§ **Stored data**
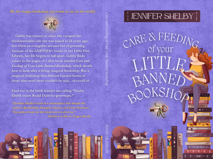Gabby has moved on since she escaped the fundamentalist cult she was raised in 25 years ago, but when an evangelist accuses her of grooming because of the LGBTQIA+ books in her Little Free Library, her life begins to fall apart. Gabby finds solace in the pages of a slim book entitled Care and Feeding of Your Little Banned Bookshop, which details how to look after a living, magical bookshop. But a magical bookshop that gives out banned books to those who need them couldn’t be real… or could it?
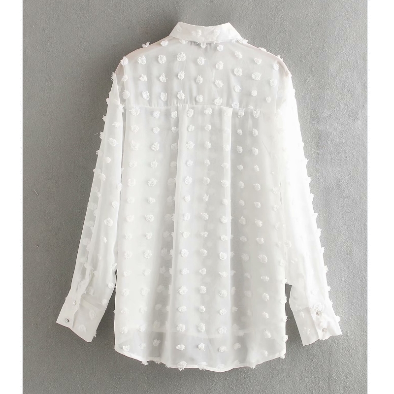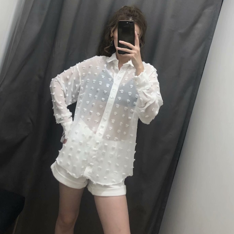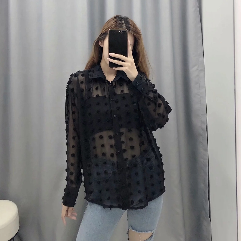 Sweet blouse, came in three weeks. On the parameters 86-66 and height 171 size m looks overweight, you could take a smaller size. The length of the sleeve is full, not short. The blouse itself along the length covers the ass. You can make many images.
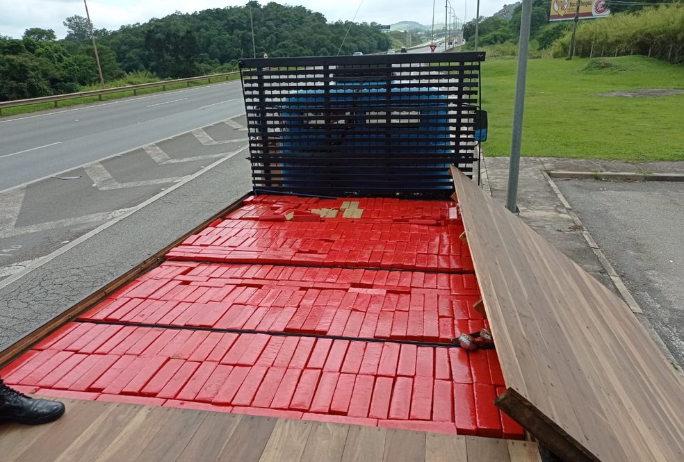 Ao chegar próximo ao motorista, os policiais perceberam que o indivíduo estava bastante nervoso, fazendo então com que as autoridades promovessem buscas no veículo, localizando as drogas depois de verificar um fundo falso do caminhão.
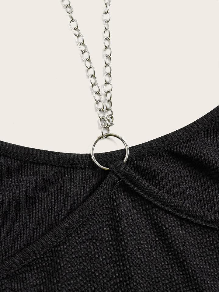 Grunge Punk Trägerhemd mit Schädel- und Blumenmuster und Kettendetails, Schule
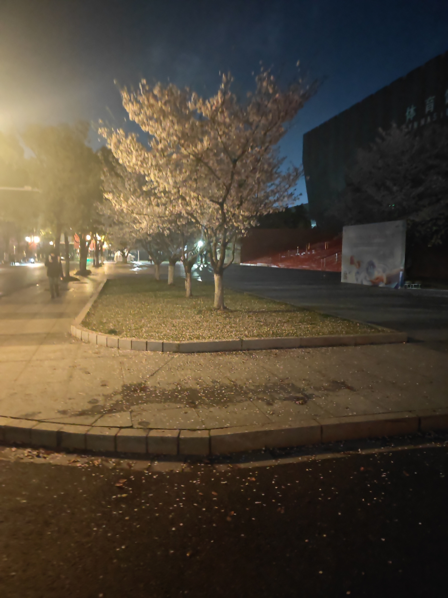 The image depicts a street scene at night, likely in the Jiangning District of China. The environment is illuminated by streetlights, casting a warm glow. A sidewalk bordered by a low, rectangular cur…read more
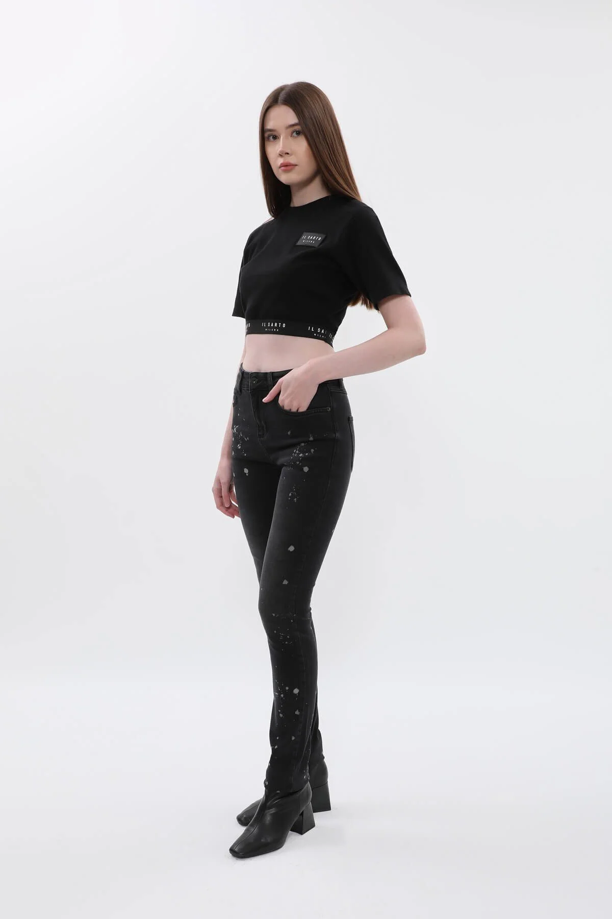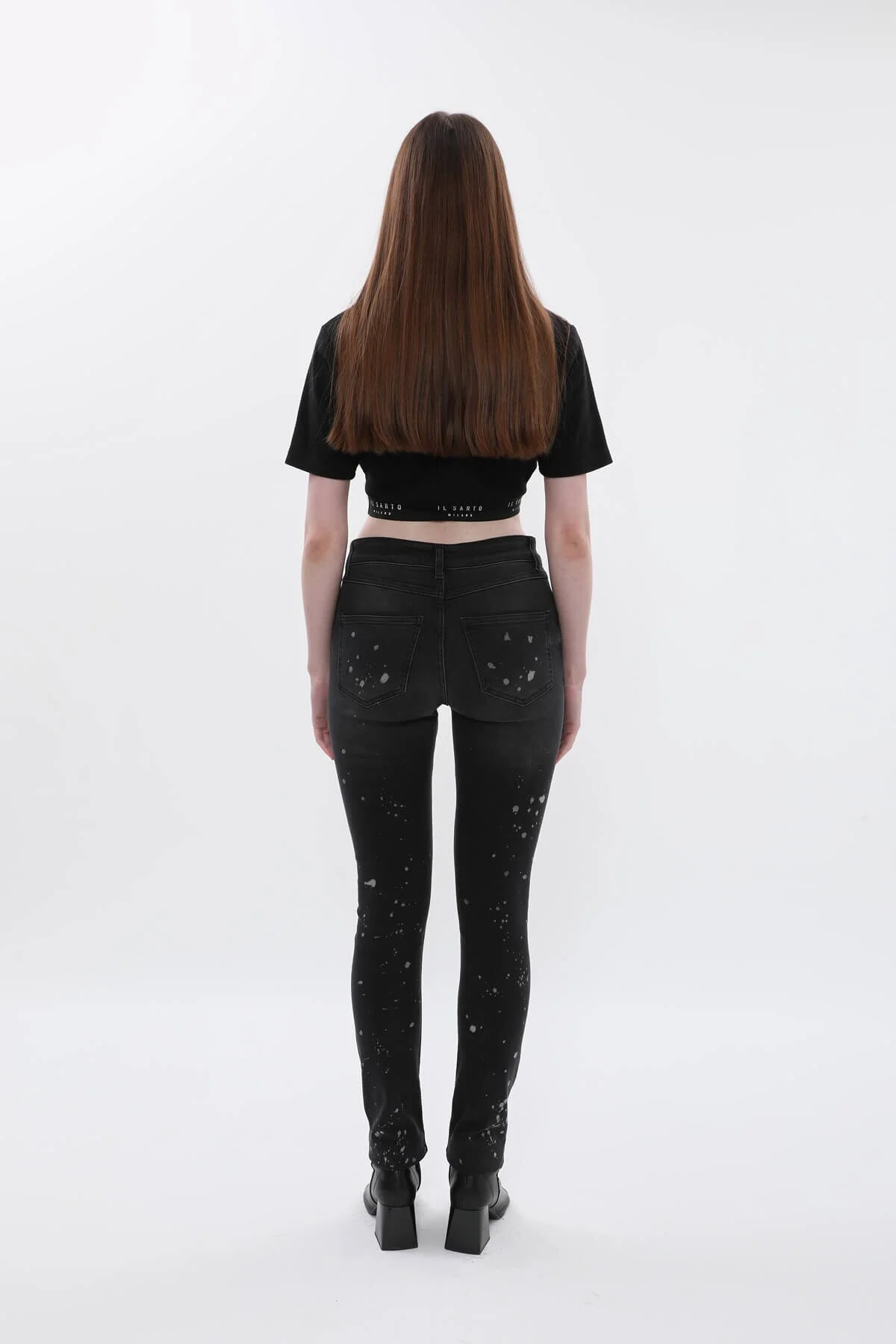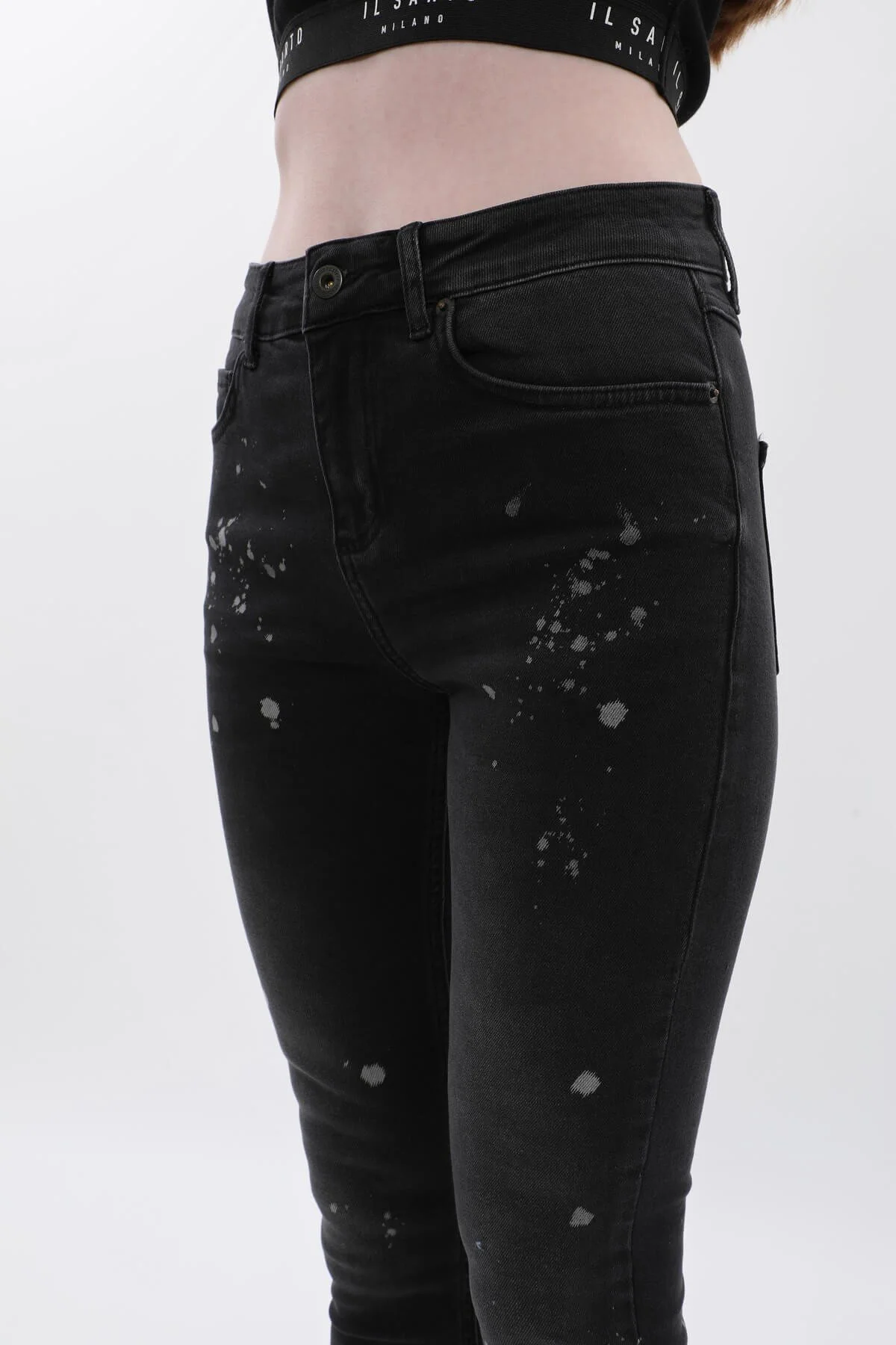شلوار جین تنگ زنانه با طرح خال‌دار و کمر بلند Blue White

§ **AIM OF THE EXERCISE**
Your answer should be the lines from the opening of the records through the line with "Grunge Punk Trägerhemd", both ends retyped exactly and pictures left out.

§ **WRITTEN SOLUTION**
Gabby has moved on since she escaped the fundamentalist cult she was raised in 25 years ago, but when an evangelist accuses her of grooming because of the LGBTQIA+ books in her Little Free Library, her life begins to fall apart. Gabby finds solace in the pages of a slim book entitled Care and Feeding of Your Little Banned Bookshop, which details how to look after a living, magical bookshop. But a magical bookshop that gives out banned books to those who need them couldn’t be real… or could it?
 Sweet blouse, came in three weeks. On the parameters 86-66 and height 171 size m looks overweight, you could take a smaller size. The length of the sleeve is full, not short. The blouse itself along the length covers the ass. You can make many images.
 Ao chegar próximo ao motorista, os policiais perceberam que o indivíduo estava bastante nervoso, fazendo então com que as autoridades promovessem buscas no veículo, localizando as drogas depois de verificar um fundo falso do caminhão.
 Grunge Punk Trägerhemd mit Schädel- und Blumenmuster und Kettendetails, Schule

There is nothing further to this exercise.